Enhancing access to reports of randomized trials published world-wide--the contribution of EMBASE records to the Cochrane Central Register of Controlled Trials (CENTRAL) in The Cochrane Library

Emerg Themes Epidemiol. 2008 Sep 30:5:13. doi: 10.1186/1742-7622-5-13.

Abstract

Background: Randomized trials are essential in assessing the effects of healthcare interventions and are a key component in systematic reviews of effectiveness. Searching for reports of randomized trials in databases is problematic due to the absence of appropriate indexing terms until the 1990s and inconsistent application of these indexing terms thereafter.

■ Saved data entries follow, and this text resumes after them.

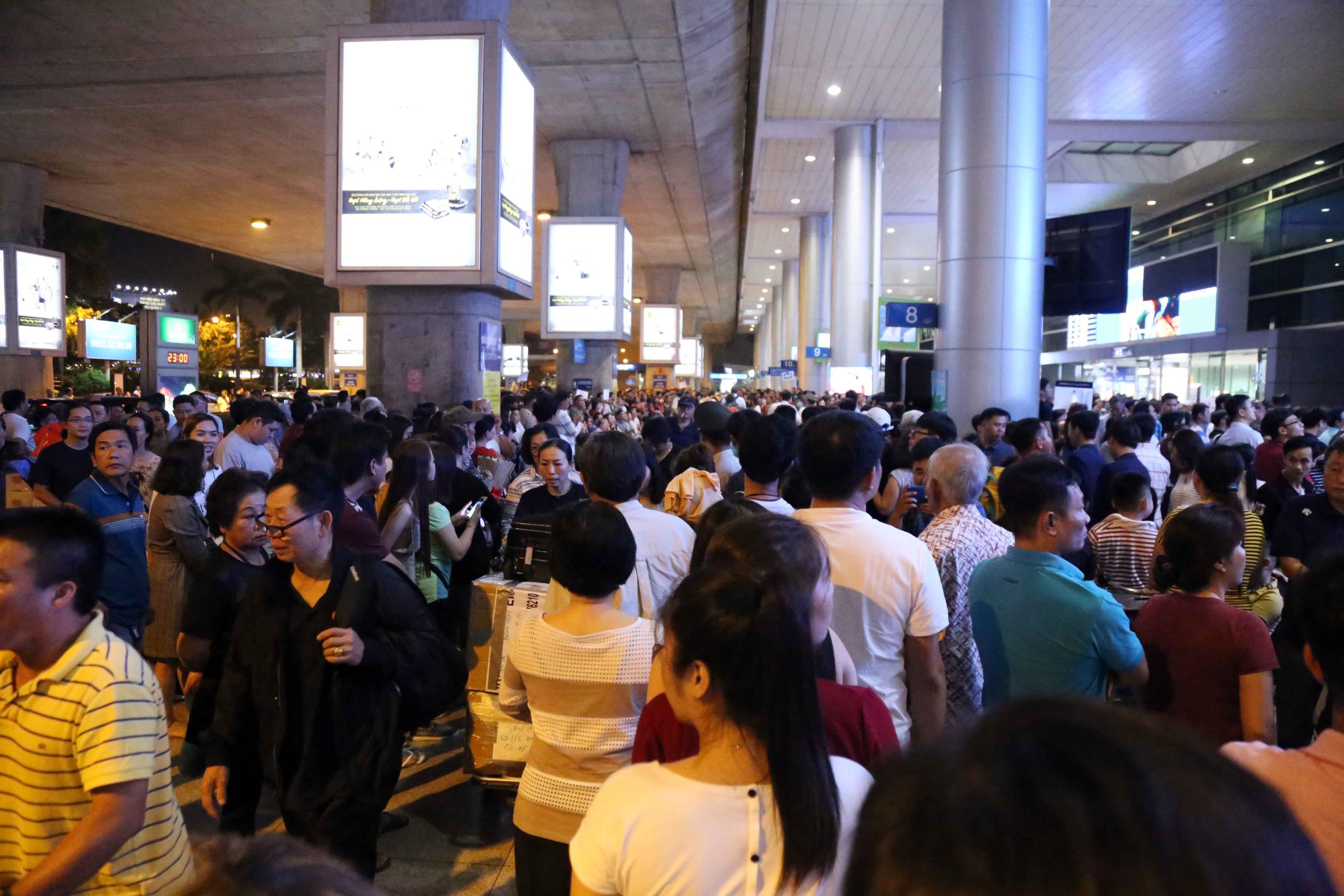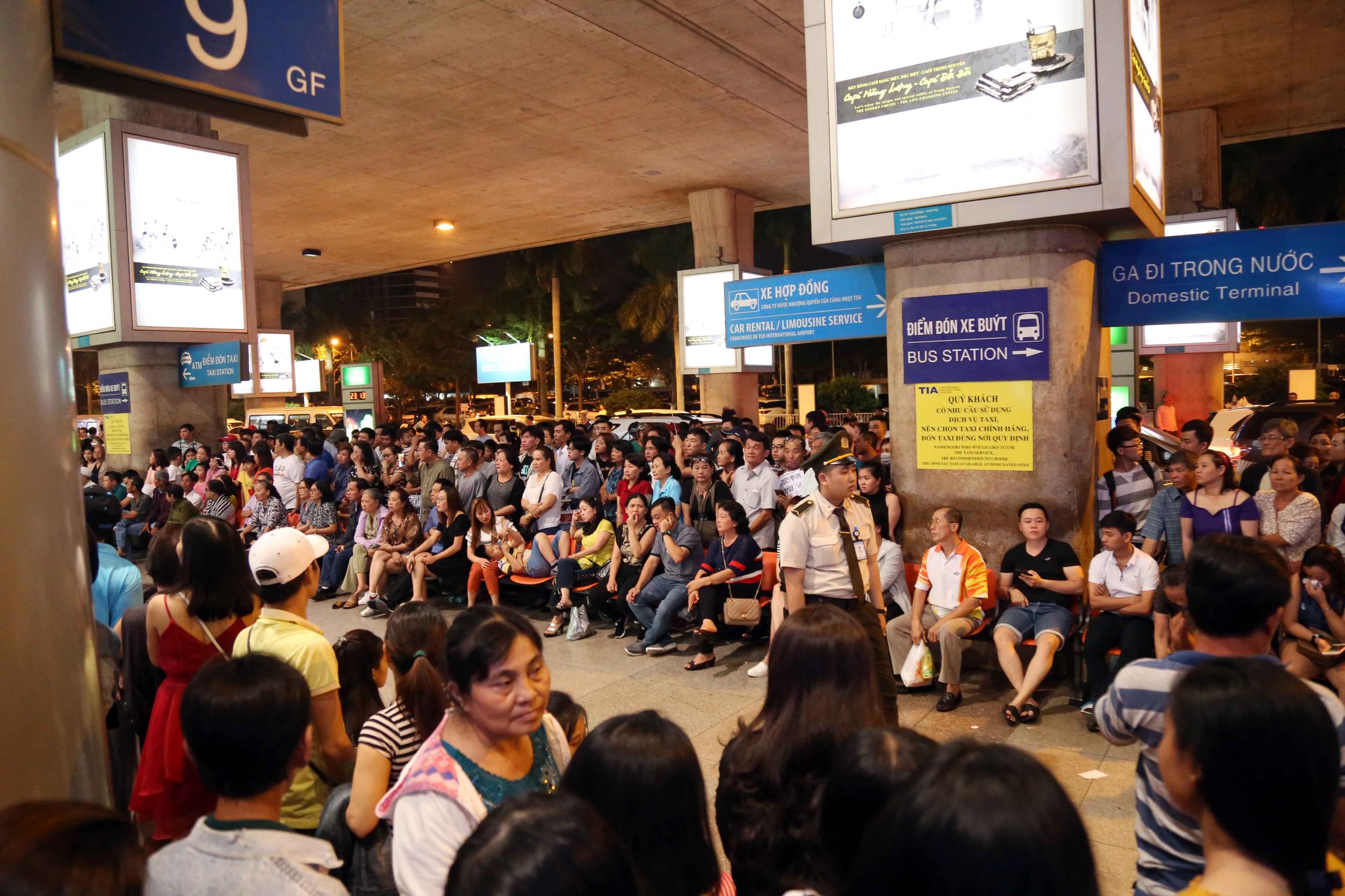 Càng về khuya 22/1, lượng người đổ về khu vực sảnh ga quốc tế để đón người thân càng đông.
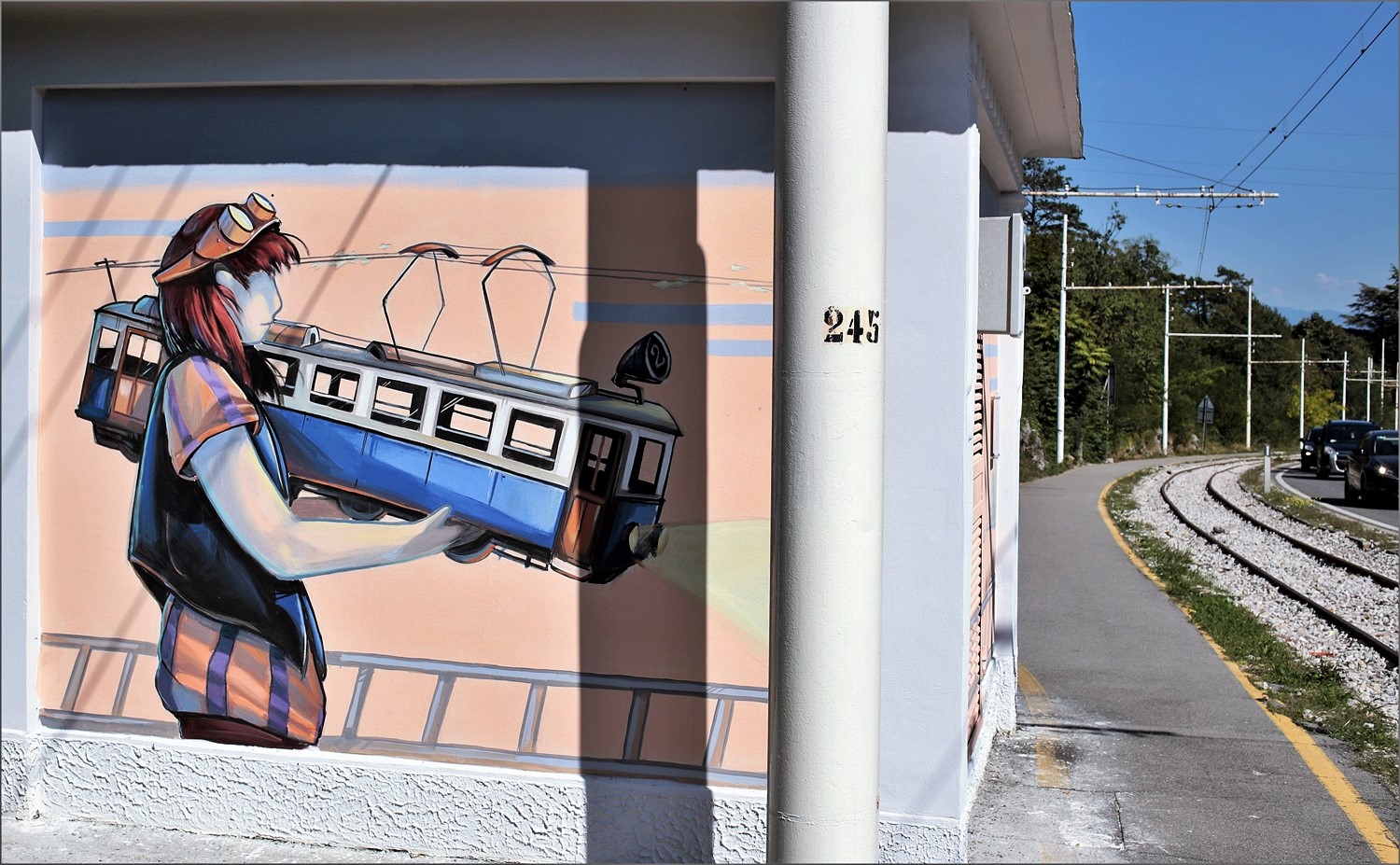 Scopro dalla tua spiegazione che l'affascinante tram non è più in funzione e sono molto dispiaciuta, perché ricordo che era una linea molto suggestiva, non solo per il percorso ma anche per le caratteristiche tecniche particolari e ardite… Buono il murale che denuncia il fermo e buona la tua foto che lo documenta.
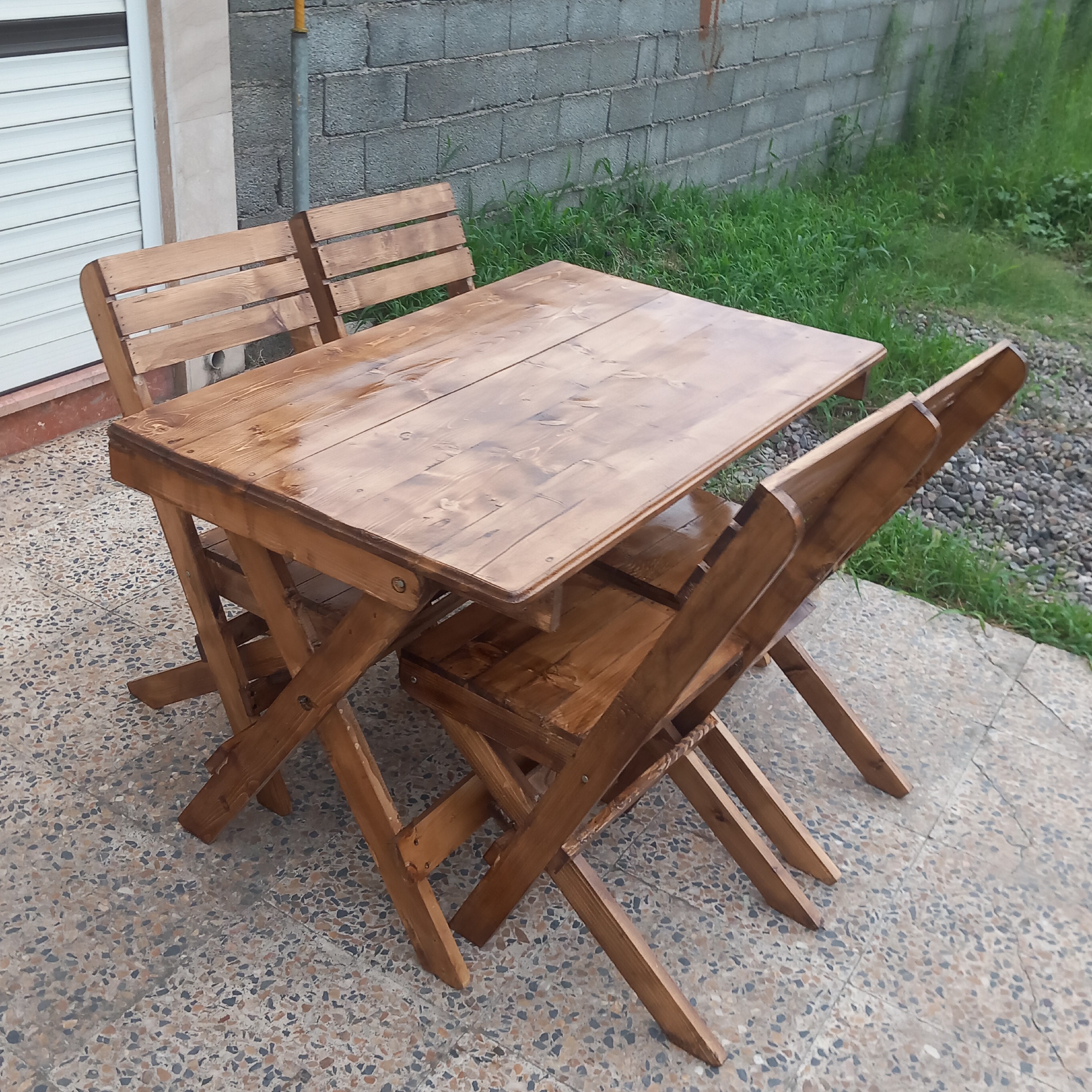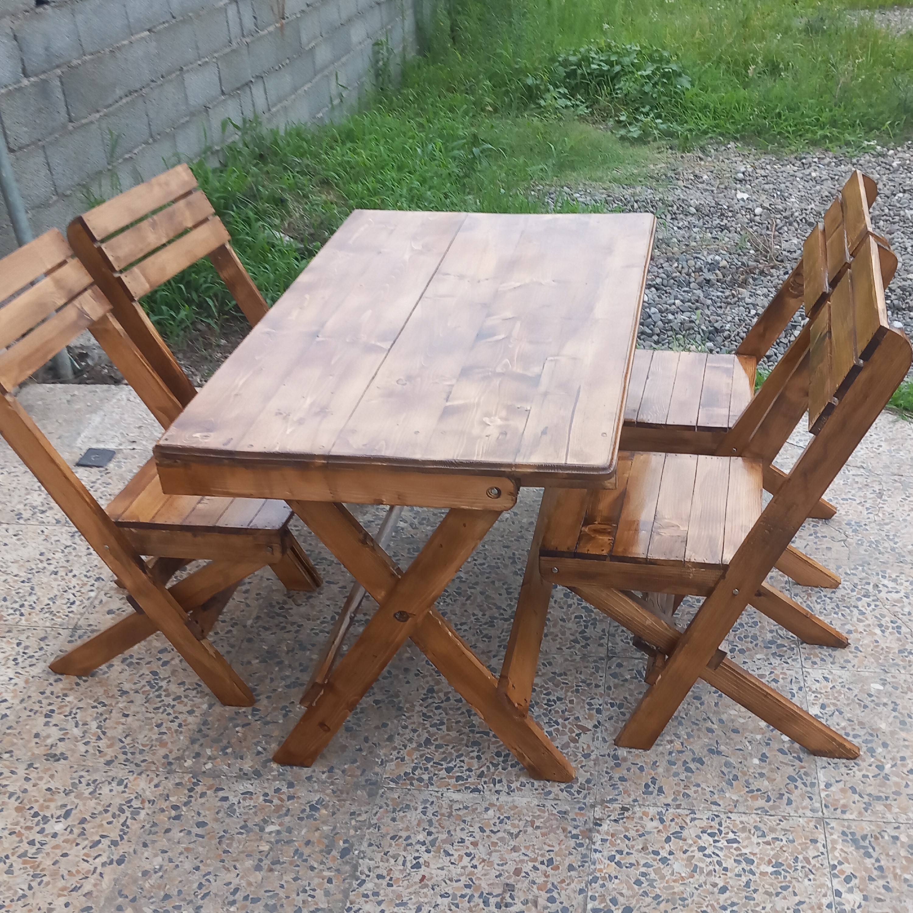 میز ک صندلی چوبتاشو درجه یک ساخته شده با بالاترین کیفیت و رنگ آمیزی متنوع و بسیار زیبا این محصول به صورت کامل ضد آب میباشد و دارای سه لایه رنگ کاری سیلرو کیلر و نیم پلی استر میباشد. این محصول در انواع رنگ ها به دلخواه مشتری قابل سفارش میباشد این محصول دارای توان بسیار بالا به علت استفاده از چوب ضخیم روسی و صفحات پرس شده میباشد که مدت طولانی برای شما کارکرد خواهد داشت
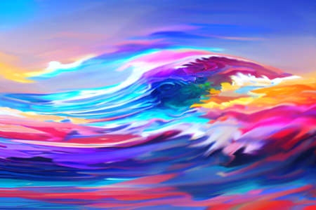 Abstract vibrant waves of liquid paint art illustration
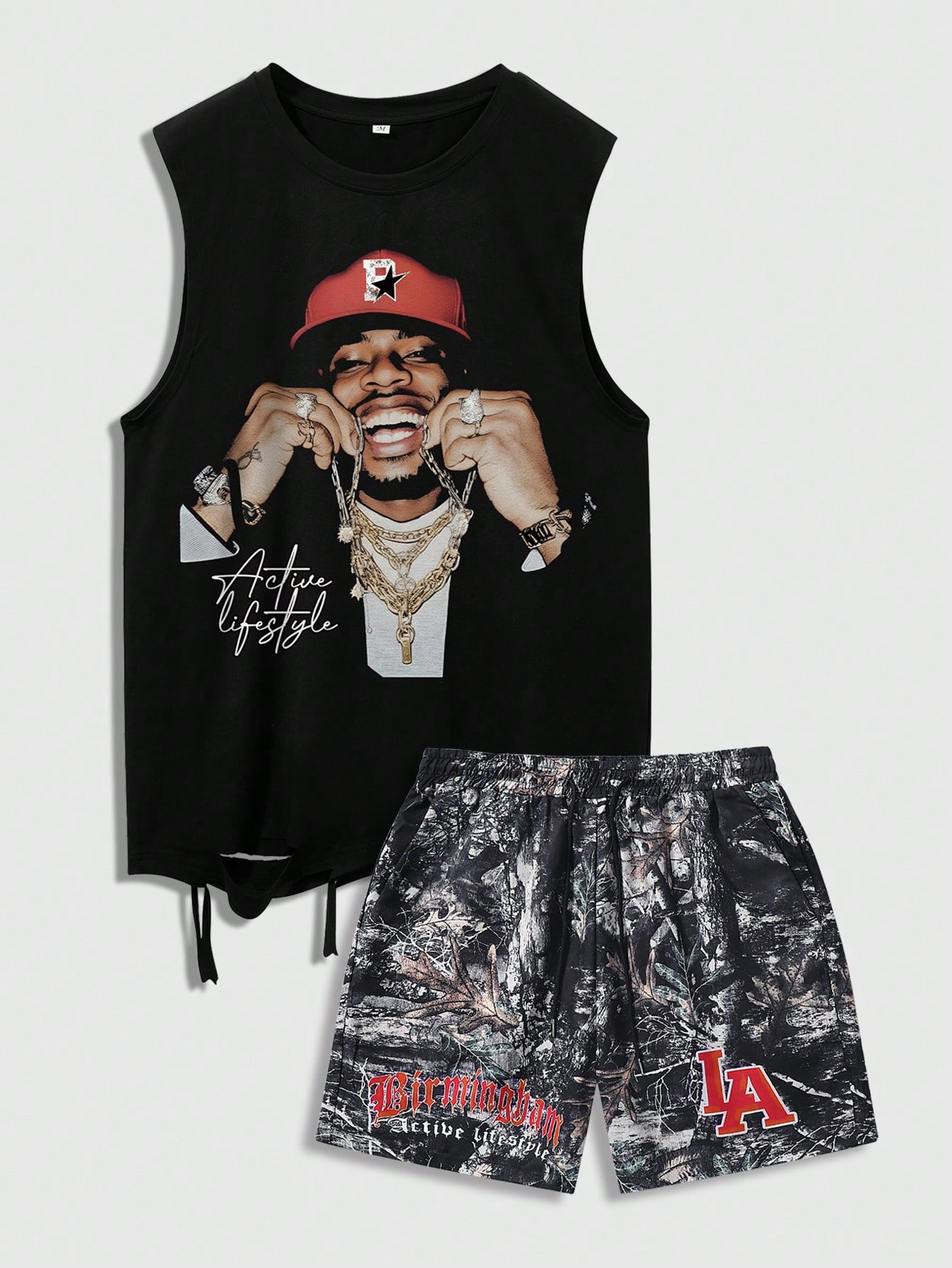 Street Life Set senza maniche da uomo con stile da strada, ritratto americano, maglietta a maniche corte con stampa grafica a catena e ramo e pantaloncini abbinati. La maglietta nera senza maniche presenta una vivida stampa grafica di un uomo sorridente che indossa un cappello rosso e fa un gesto di mano giocoso, con collane e braccialetti d'oro che aggiungono una sensazione casual e rilassata.
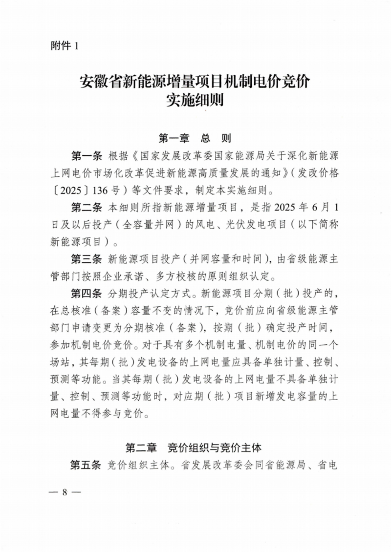 執(zhí)行期限:按同類型項目回收初始投資的平均期限確定。2025年6月1日前尚未投產(chǎn),但已通過競爭性配置(含配儲的6MW以下地面光伏電站)等方式納入年度開發(fā)建設(shè)方案的新能源項目,可單獨組織競價,由企業(yè)自愿參與。通過單獨競價納入機制的項目,其相應(yīng)儲能容量不再獲得容量補償收益。
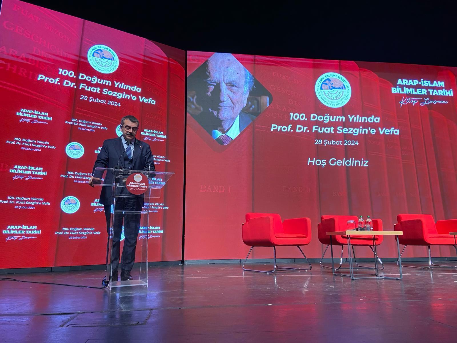 İstanbul’da Atatürk Kültür Merkezi’nde yapılan İslam tarihi, bilim ve teknoloji alanında çalışmalarıyla tanınmış Prof. Dr. Fuat Sezgin anısına “100’üncü Doğum Yılında Vefa” ve “Arap-İslam Bilimler Tarihi Kitap Lansmanı” etkinliğine katılan Milli Eğitim Bakanı Yusuf Tekin şunları söyledi:
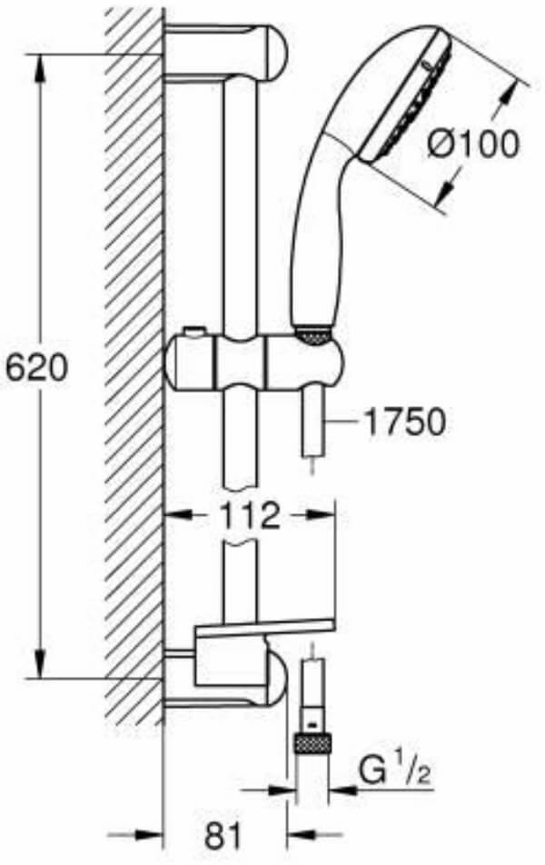 27927001 Tempesta New 100 Душевой гарнитур III, душевая штанга 600 мм, шланг 1750 мм, полочка, хром
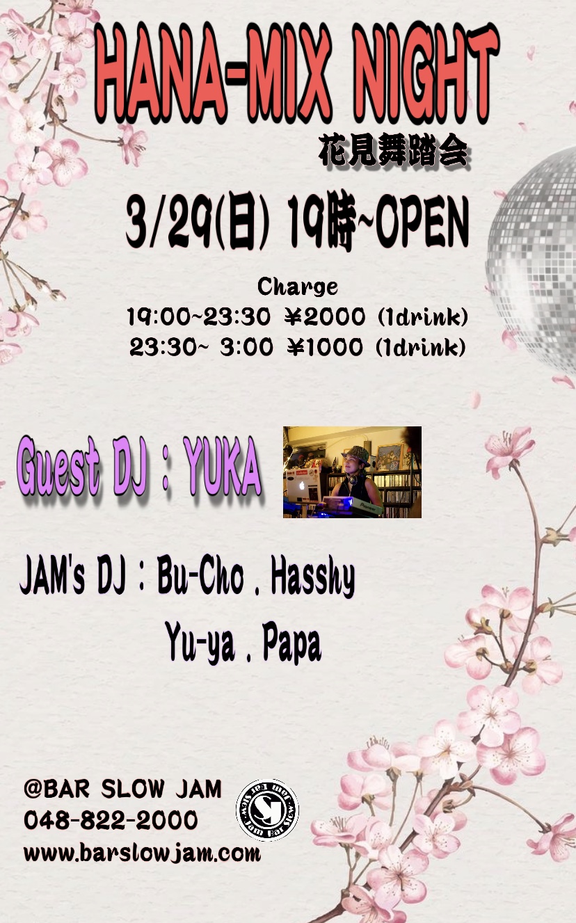 3/29(日) イベントです♪ Published by SLOW JAM on 2020年3月3日 今月のイベントは HANA-MIX NIGHT です(´▽`*) 段々桜の季節になってきましたね♪ 今回のGuest DJはYUKAさんですよ(*´▽`*) 少しでも明るい日常が戻ることを祈って、、 皆さん一緒に盛り上がっていきましょう(≧▽≦) 沢山の御来店お待ちしております!!

Objectives: The objectives of this study are to devise a search strategy for identifying reports of randomized trials in EMBASE which are not already indexed as trials in MEDLINE and to make these reports easily accessible by including them in the Cochrane Central Register of Controlled Trials (CENTRAL) in The Cochrane Library, with the permission of Elsevier, the publishers of EMBASE.

Methods: A highly sensitive search strategy was designed for EMBASE based on free-text and thesaurus terms which occurred frequently in the titles, abstracts, EMTREE terms (or some combination of these) of reports of trials indexed in EMBASE. This search strategy was run against EMBASE from 1980 to 2005 (1974 to 2005 for four of the terms) and records retrieved by the search, which were not already indexed as randomized trials in MEDLINE, were downloaded from EMBASE, printed and read. An analysis of the language of publication was conducted for the reports of trials published in 2005 (the most recent year completed at the time of this study).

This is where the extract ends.